Time Efficiency Analysis: As shown in Table 7, the GA algorithm demonstrates superior computational efficiency when measured per unit of improvement. The GA requires only 0.615 min per 1% fitness improvement, compared to 2.33 min for DQN-GA—a 3.79× advantage in time efficiency. This efficiency advantage stems from the GA’s simpler algorithmic structure and lower computational overhead per iteration.
Cost–Performance Trade-off: The cost–performance ratio of 0.305 (calculated as fitness improvement ratio divided by time efficiency ratio) quantifies the trade-off between ultimate performance and computational cost. This value being less than one indicates that, while the DQN-GA provides better final performance (90.2% vs. 78.0% improvement), this additional performance comes at a proportionally higher computational cost. The interpretation of this trade-off depends on application requirements: for applications where ultimate performance is critical, the DQN-GA is preferable despite its higher computational cost; for applications with strict computational constraints, the GA offers a more efficient solution.
Memory Usage Considerations: The memory usage analysis shows that the DQN-GA requires 4.2 GB compared to 0.8 GB for GA—a 5.25× increase. This substantial difference primarily results from the deep neural network component of the DQN, which requires storing network parameters, an experience replay buffer, and optimization states. This memory requirement may limit the application of the DQN-GA in resource-constrained environments.
Iteration-Level Efficiency: Interestingly, at the iteration level, the DQN-GA shows slightly better efficiency, requiring 42 s per episode compared to 48 s per generation for GA. This 12% advantage at the micro-level is overshadowed by the macro-level efficiency difference, highlighting the importance of considering both iteration efficiency and overall convergence speed in algorithm evaluation.

4.3. Practical Implications and Applications

The proposed DQN-GA hybrid algorithm and the optimization results have significant practical implications for high-frequency circuit design and related engineering fields.
Impedance Matching Automation: The algorithm provides an automated solution for impedance matching in high-frequency transmission lines, traditionally a manual and experience-dependent process. By automatically optimizing transmission line parameters to achieve target S-parameters, the method reduces design time and improves consistency.
PCB Design Optimization: For printed circuit board (PCB) design, this method offers a systematic approach to transmission line optimization. The segmented transmission line structure investigated in this study represents a common configuration in high-speed digital circuits and RF applications. The optimization results provide concrete design guidelines for characteristic impedance selection, dielectric material choice, and geometrical parameter determination.
Signal Integrity Enhancement: The significant improvements in S11 and S21 parameters directly translate to enhanced signal integrity in high-frequency systems. Reduced reflection minimizes signal distortion and ringing effects, while improved transmission efficiency ensures signal strength preservation over transmission distances. These benefits are particularly valuable in high-speed digital systems, wireless communication circuits, and radar systems where signal integrity is critical.
Scalability and Generalization: While the current study focuses on a specific transmission line configuration, the methodological framework is generalizable to other high-frequency optimization problems. The combination of the DQN’s exploration capability and the GA’s exploitation efficiency can be adapted to various electromagnetic optimization tasks, including antenna design, filter optimization, and electromagnetic compatibility (EMC) enhancement.
Industrial Application Potential: The algorithm has potential applications in electronic design automation (EDA) tools, where it could be integrated as an optimization module for high-frequency circuit design. The ability to handle complex, non-linear optimization problems makes it suitable for modern high-frequency design challenges, where traditional optimization methods often struggle with local optima and high-dimensional parameter spaces.

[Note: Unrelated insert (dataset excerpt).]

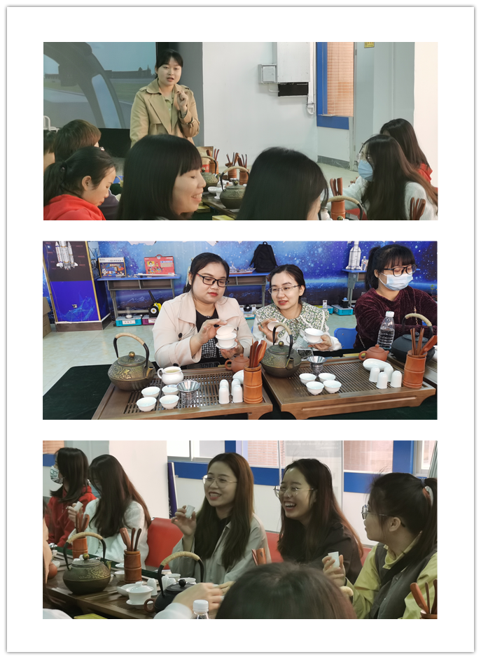 茶香清雅,茶意氤氲.......在茶艺老师的细心讲解下,大家了解了中国的茶文化、茶叶的分类以及各种茶叶的适宜人群;通过学习茶的礼仪、各类茶器以及其使用方法;大家纷纷举壶秀茶艺、低头品茶甘,一举一动间传递了女性的温柔及对中华传统文化热爱,沁润了自身素质和文化素养。
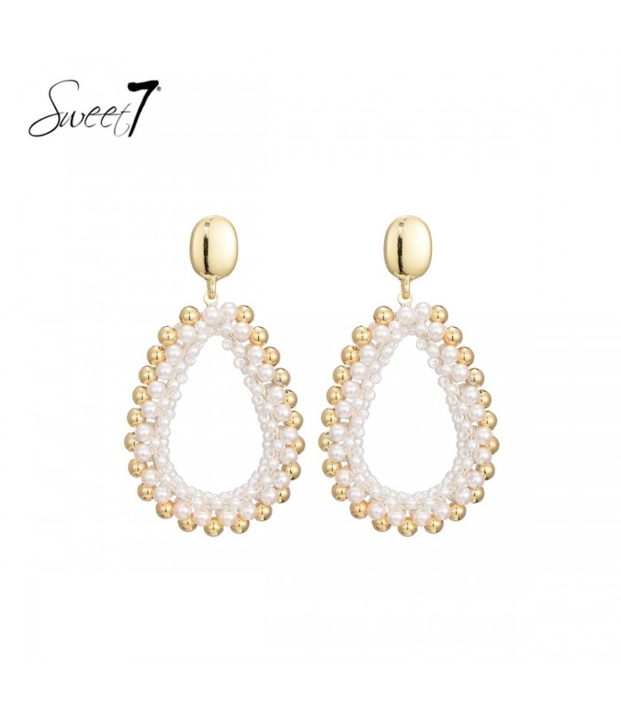 Oorbellen wit met parel kralen en goudkleurige bolletjes rondom

4.4. Methodological Insights and Algorithm Behavior

The development and application of the DQN-GA hybrid algorithm provide valuable methodological insights for optimization algorithm design in engineering applications.
Hybridization Strategy Effectiveness: The success of the DQN-GA approach validates the hybridization strategy of combining reinforcement learning with evolutionary algorithms. The DQN contributes global exploration capability through its deep neural network-based policy, while the GA provides local exploitation through its genetic operators. This complementary combination addresses the exploration–exploitation trade-off more effectively than either method alone.
Convergence Characteristics: The optimization process analysis reveals distinct convergence characteristics. The DQN-GA demonstrates faster initial convergence, rapidly improving fitness in early episodes, while showing sustained improvement throughout the optimization process. This behavior contrasts with the GA’s more gradual convergence pattern, suggesting that the reinforcement learning component accelerates the discovery of promising regions in the parameter space.
Parameter Interaction Understanding: The algorithm’s optimization trajectory provides insights into parameter interactions in high-frequency transmission lines. The coordinated optimization of multiple parameters (characteristic impedance, dielectric constant, and geometrical dimensions) reveals how these parameters interact to affect overall performance. This understanding contributes to the fundamental knowledge of transmission line behavior and optimization principles.
Robustness to Initial Conditions: Simulation observations indicate that the DQN-GA algorithm shows reasonable robustness to initial parameter settings, consistently converging to high-quality solutions across multiple runs. This robustness is valuable for practical applications where initial design points may vary significantly.

5. Conclusions

5.1. Concluding Summary

This research has successfully developed and validated a DQN-GA hybrid algorithm for high-frequency transmission line optimization. The hybrid approach effectively combines deep reinforcement learning with evolutionary optimization, demonstrating superior performance in impedance matching and reflection compensation compared to traditional methods.
The simulation validation confirms the algorithm’s capability to significantly improve transmission line performance, with particular effectiveness at the 500 MHz operating frequency. The methodology represents a meaningful advancement in applying machine learning techniques to electromagnetic design problems.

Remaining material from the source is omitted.